Exercise aim — Taking only the lines of the data below from the line with "- Aqua, Butylene" to the line with "Nous sommes descendus", ends included, write them out exactly and without pictures.
■ ■ ■ ■ ■
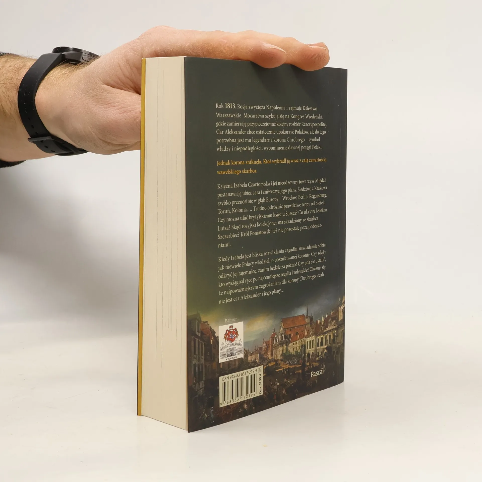Rok 1813. Rosja zwycięża Napoleona i zajmuje Księstwo Warszawskie. Mocarstwa szykują się na Kongres Wiedeński, gdzie zamierzają przypieczętować kolejny rozbiór Rzeczypospolitej. Car Aleksander chce ostatecznie upokorzyć Polaków, ale do tego potrzebna jest mu legendarna Korona Chrobrego -symbol władzy i niepodległości, wspomnienie dawnej potęgi Polski. Jednak korona zniknęła. Ktoś wykradł ją wraz z całą zawartością wawelskiego skarbca. Księżna Izabela Czartoryska i jej nieodzowny towarzysz Migdał postanawiają ubiec cara i zniweczyć jego plany. Śledztwo z Krakowa szybko przenosi się w głąb Europy - Wrocław, Berlin, Regensburg, Toruń, Kolonia. Trudno odróżnić prawdziwe tropy od plotek. Czy można ufać brytyjskiemu księciu Sussex? Co ukrywa księżna Luiza? Skąd rosyjski kolekcjoner ma skradziony ze skarbca Szczerbiec? Król Poniatowski też nie pozostaje poza podejrzeniami. Kiedy Izabela jest bliska rozwikłania zagadki, uświadamia sobie, jak niewiele Polacy wiedzieli o poszukiwanej koronie. Czy zdąży odkryć jej tajemnicę, zanim będzie za późno? Czy uda się ustalić, kto wyciągnął ręce po najcenniejsze regalia królewskie? Okazuje się, że najpoważniejszym zagrożeniem dla korony Chrobrego wcale nie jest car Aleksander i jego plany
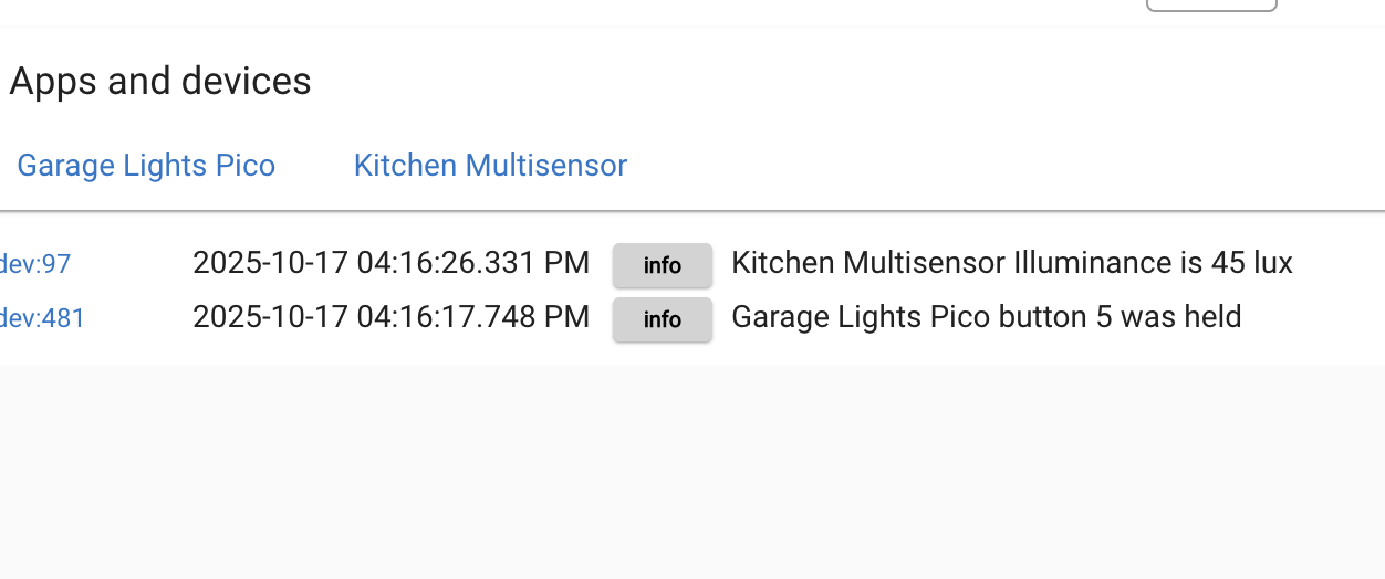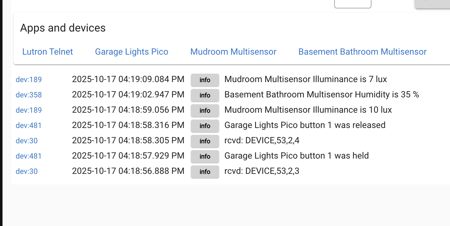 Back to my original question, with debug logging enabled in the lutron telnet driver, does pushing a button (any button) on the pico generate a log event in the live logs?
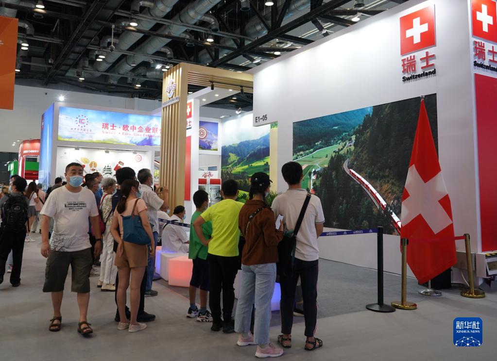 9月4日,人們?cè)诜Q(mào)會(huì)國(guó)家會(huì)議中心展館國(guó)別展區(qū)的瑞士展臺(tái)參觀。
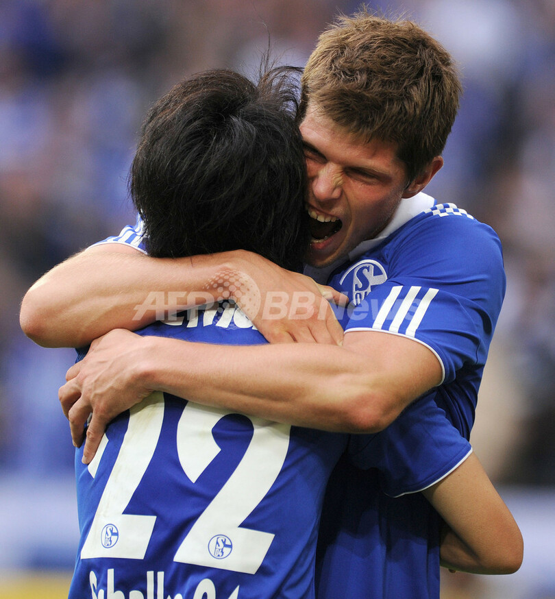 後半17分に得点を決め、内田篤人(Atsuto Uchida、左)と喜ぶシャルケ04のクラース・ヤン・フンテラール(Klaas-Jan Huntelaar、2011年9月24日撮影)。(c)AFP/PATRIK STOLLARZ
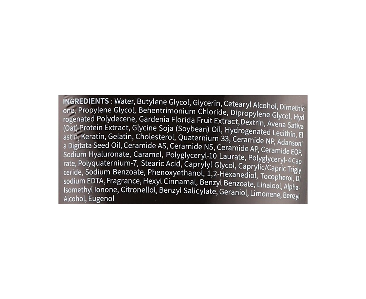 - Aqua, Butylene Glycol, Glycerin, Cetearyl Alcohol, Dimethicone, Propylene Glycol, Behentrimonium Chloride, Dipropylene Glycol, Hydrogenated Polydecene, Gardenia Florida Fruit Extract, Dextrin, Avena Sativa (Oat) Protein Extract, Glycine Soja (Soybean) Oil
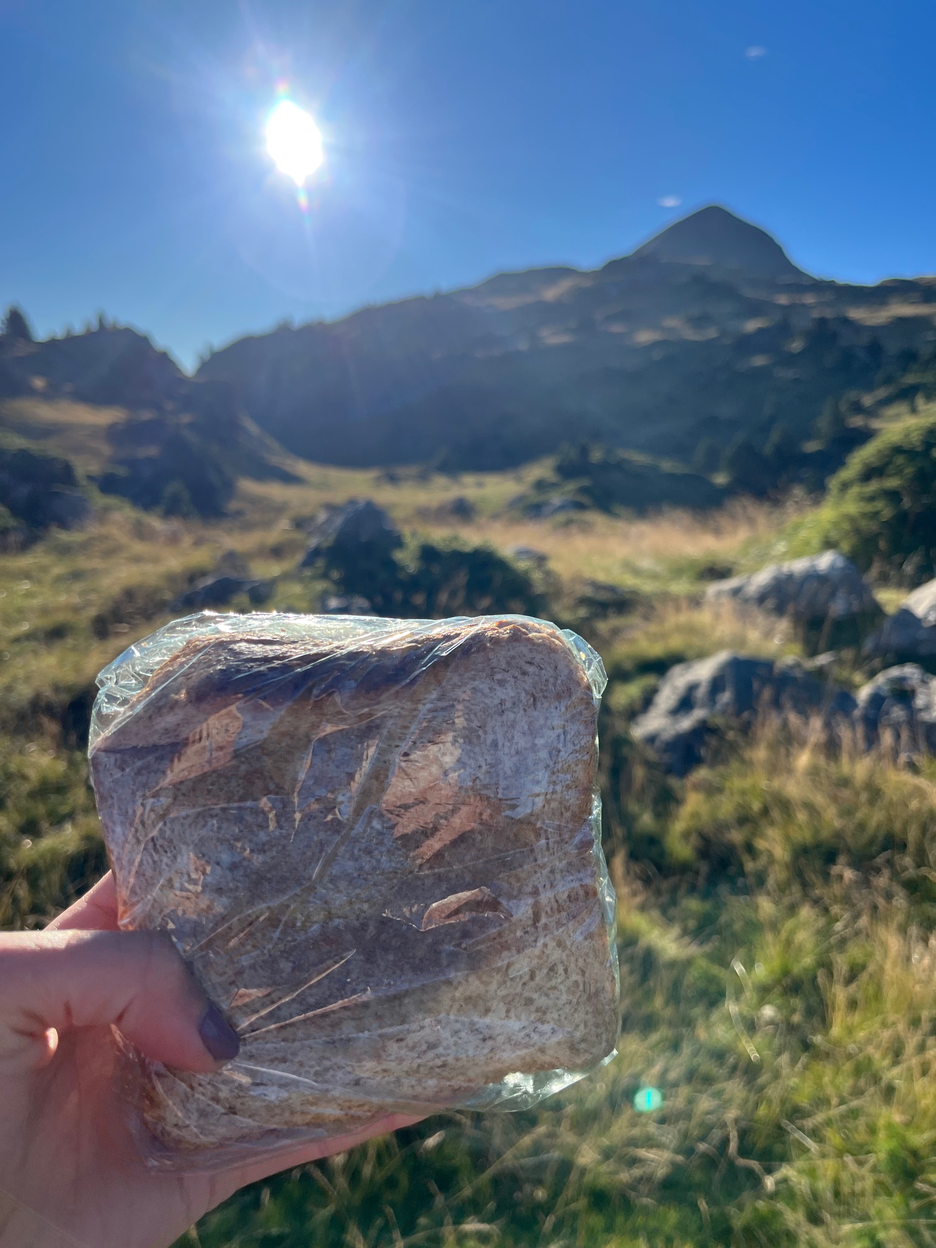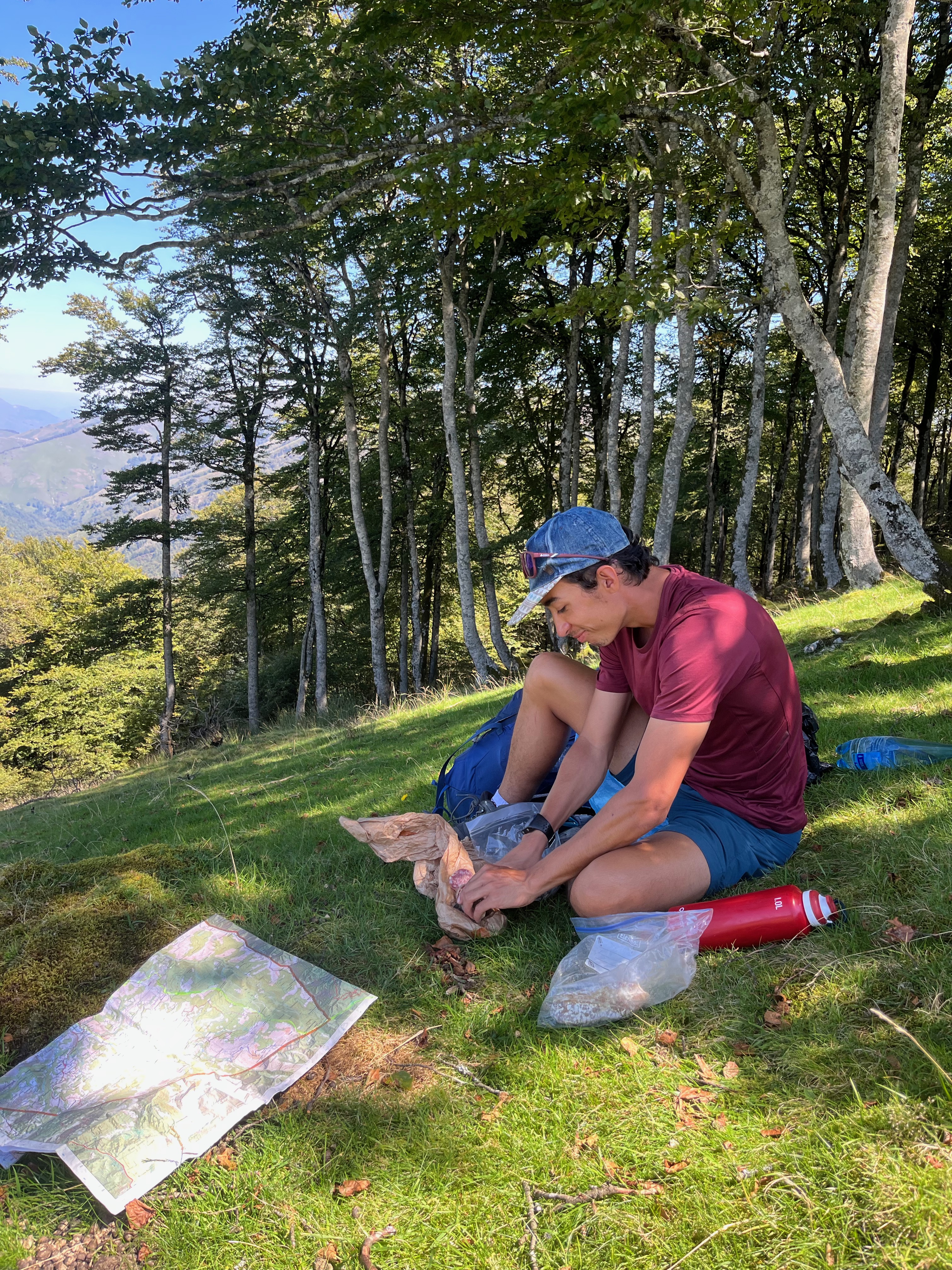 Nous sommes descendus un peu pour pique-niquer, nous avions 2 gros pains en plus de l’épicerie d’Iraty, donc on pouvait festoyer haha.
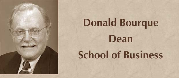 Donald Bourque has been named to serve as dean of the School of Business for a two-year term. Bourque, who had served as interim dean of the School of Business since July of 1994, joined the University as associate dean and professor of accounting in 1972. He received his M.B.A. and Ph.D. from the University of Washington, and has focused his research on topics of accounting, management, information systems, cost analysis, and business strategy. He has also been active in designing and promoting executive development programs in the U.S. and abroad.As interim dean, Dr. Bourque has demonstrated he has the experience, energy, and commitment to assume this major and important responsibility, Provost Genshaft said. I am pleased that he has expressed interest in continuing the assignment for the 1997-99 term.
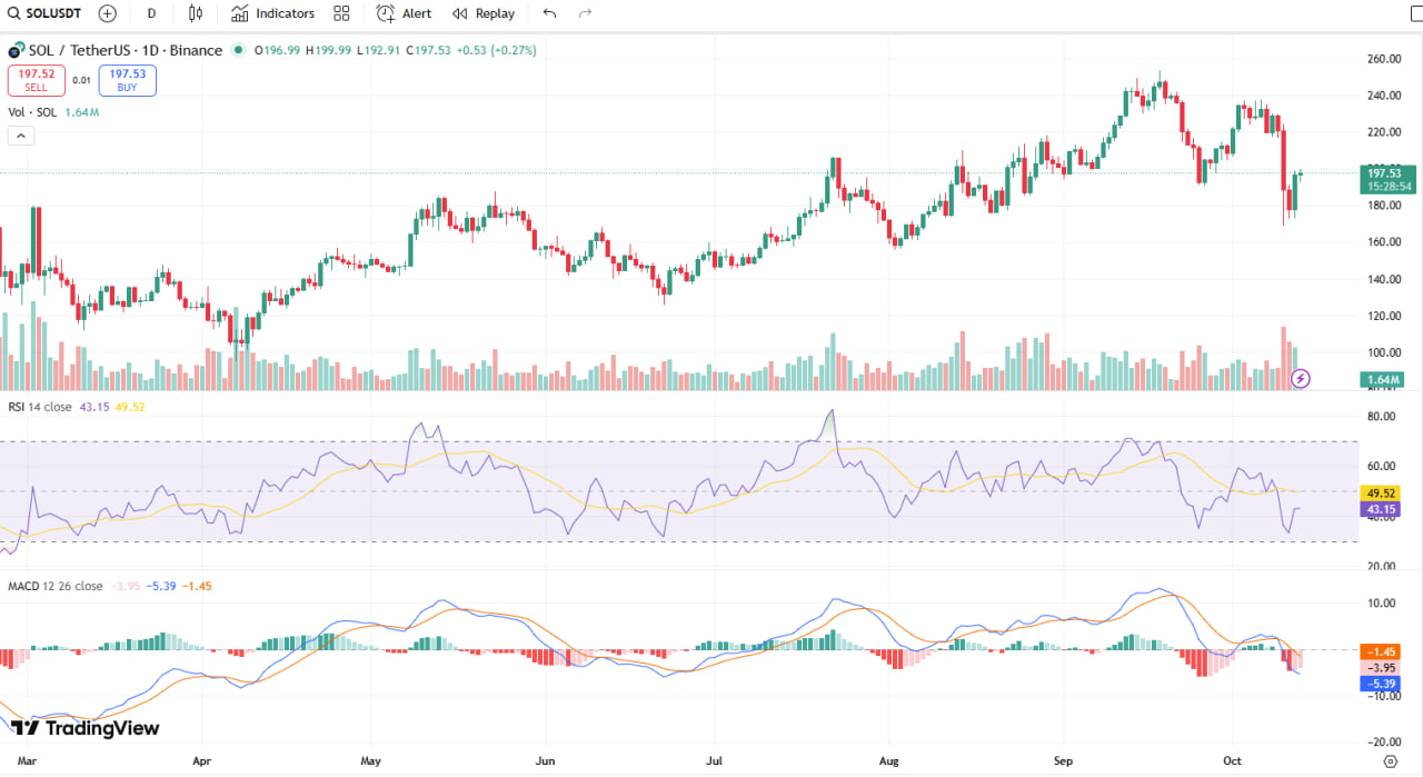 Solana Tests Key Support Near $196 After Breaking $200
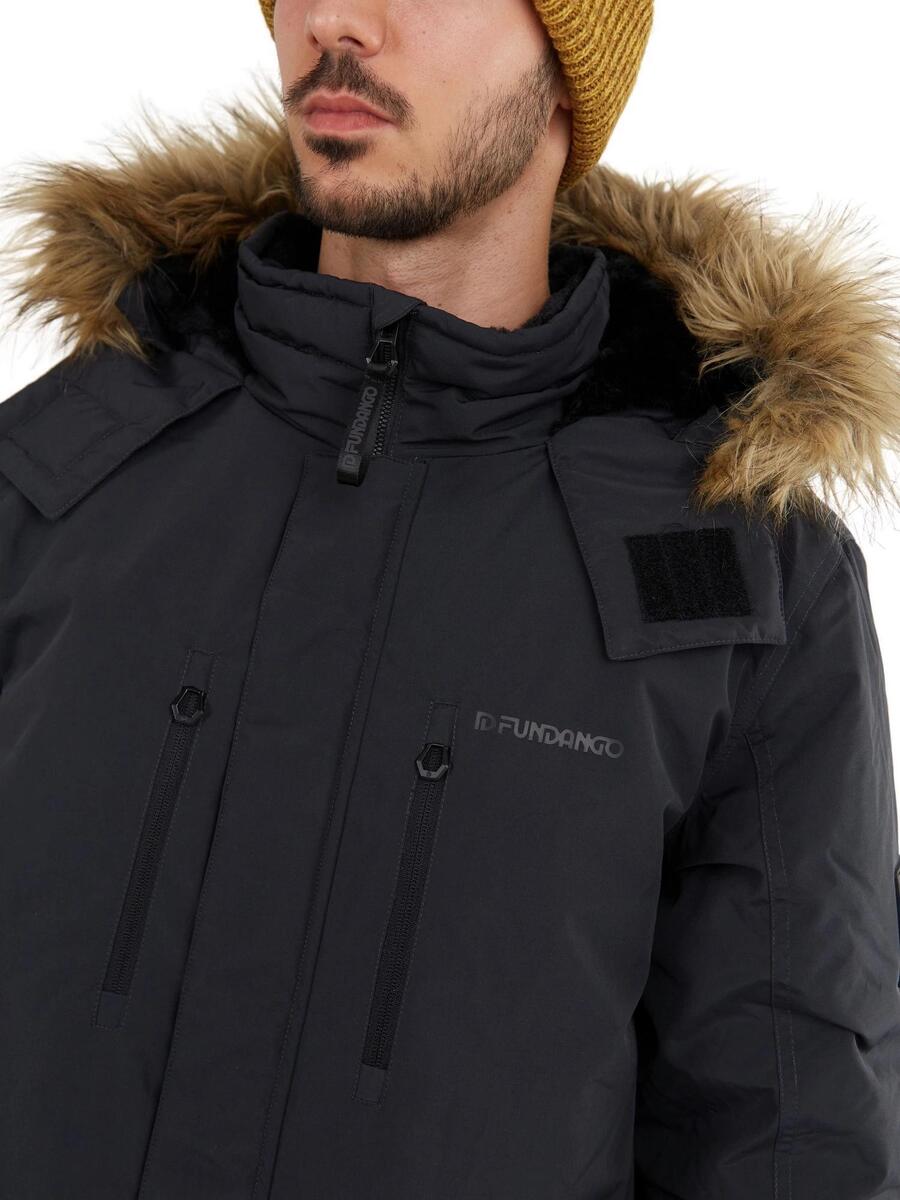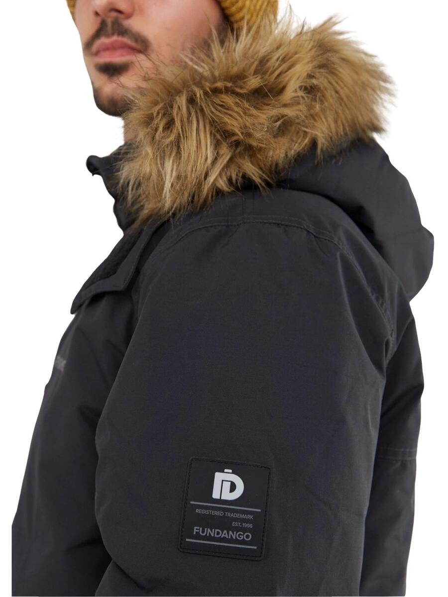 Мужская парка Fundango Spirit Parka — классическая парка бренда для зимних дней. Съемный капюшон с отделкой из искусственного меха и регулируемым шнурком защищает от холодного ветра, а основная застежка-молния с ветрозащитной планкой и кнопками позволяет легко надевать куртку. Эластичные манжеты, регулируемые кнопками, плотно облегают запястья и сохраняют руки в тепле, не стесняя движений, а также предотвращают сморщивание рукавов. Передние карманы на молнии, нагрудные карманы на молнии, внутренний карман и сетчатый карман позволяют удобно хранить необходимые вещи. Наполнитель из синтетического пера согреет вас даже в ненастную погоду, не нарушая воздухопроницаемости: он помогает сохранять тепло, вырабатываемое телом, и предотвращает его потерю, обеспечивая комфорт даже при низких температурах. Классический крой обеспечивает максимальную свободу движений и позволяет носить несколько слоев одежды. Слои одежды. Водоотталкивающая обработка предотвращает оседание капель воды на ткани. Вода собирается в мелкие капли и скатывается с куртки, позволяя носить её даже в сырую погоду. Вы можете смело надевать эту вещь в стиле спортивно-шикар на любое мероприятие. Куртка водонепроницаема до 3000 мм и воздухопроницаема до 3000 г/м²/24 ч.
■ ■ ■ ■ ■
Answer for the task —
 - Aqua, Butylene Glycol, Glycerin, Cetearyl Alcohol, Dimethicone, Propylene Glycol, Behentrimonium Chloride, Dipropylene Glycol, Hydrogenated Polydecene, Gardenia Florida Fruit Extract, Dextrin, Avena Sativa (Oat) Protein Extract, Glycine Soja (Soybean) Oil
 Nous sommes descendus un peu pour pique-niquer, nous avions 2 gros pains en plus de l’épicerie d’Iraty, donc on pouvait festoyer haha.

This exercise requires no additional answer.